----- Material for this exercise
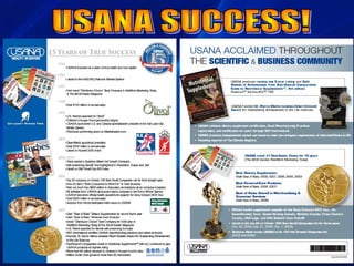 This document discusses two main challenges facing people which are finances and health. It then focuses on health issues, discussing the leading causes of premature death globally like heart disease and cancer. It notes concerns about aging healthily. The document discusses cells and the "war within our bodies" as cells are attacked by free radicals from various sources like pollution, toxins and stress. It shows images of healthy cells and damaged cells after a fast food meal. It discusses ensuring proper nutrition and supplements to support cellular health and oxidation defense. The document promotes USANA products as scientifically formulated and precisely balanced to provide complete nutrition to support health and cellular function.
----------
----- Material for this exercise
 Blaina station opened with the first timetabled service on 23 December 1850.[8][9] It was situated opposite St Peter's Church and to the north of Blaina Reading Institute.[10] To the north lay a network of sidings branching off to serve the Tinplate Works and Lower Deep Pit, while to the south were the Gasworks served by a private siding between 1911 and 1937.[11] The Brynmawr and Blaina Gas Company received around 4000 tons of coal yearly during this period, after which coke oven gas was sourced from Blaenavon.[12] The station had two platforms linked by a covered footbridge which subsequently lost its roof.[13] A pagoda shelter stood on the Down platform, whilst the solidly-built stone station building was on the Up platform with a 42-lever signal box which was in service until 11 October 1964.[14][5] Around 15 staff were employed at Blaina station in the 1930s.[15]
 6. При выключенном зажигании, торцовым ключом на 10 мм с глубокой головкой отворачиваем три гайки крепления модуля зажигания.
----------
## What to work on
Reproduce exactly the entries above, limited to the lines from the one with "Blaina station opened" through the one with "6. При выключенном", both included.

## Finished task
 Blaina station opened with the first timetabled service on 23 December 1850.[8][9] It was situated opposite St Peter's Church and to the north of Blaina Reading Institute.[10] To the north lay a network of sidings branching off to serve the Tinplate Works and Lower Deep Pit, while to the south were the Gasworks served by a private siding between 1911 and 1937.[11] The Brynmawr and Blaina Gas Company received around 4000 tons of coal yearly during this period, after which coke oven gas was sourced from Blaenavon.[12] The station had two platforms linked by a covered footbridge which subsequently lost its roof.[13] A pagoda shelter stood on the Down platform, whilst the solidly-built stone station building was on the Up platform with a 42-lever signal box which was in service until 11 October 1964.[14][5] Around 15 staff were employed at Blaina station in the 1930s.[15]
 6. При выключенном зажигании, торцовым ключом на 10 мм с глубокой головкой отворачиваем три гайки крепления модуля зажигания.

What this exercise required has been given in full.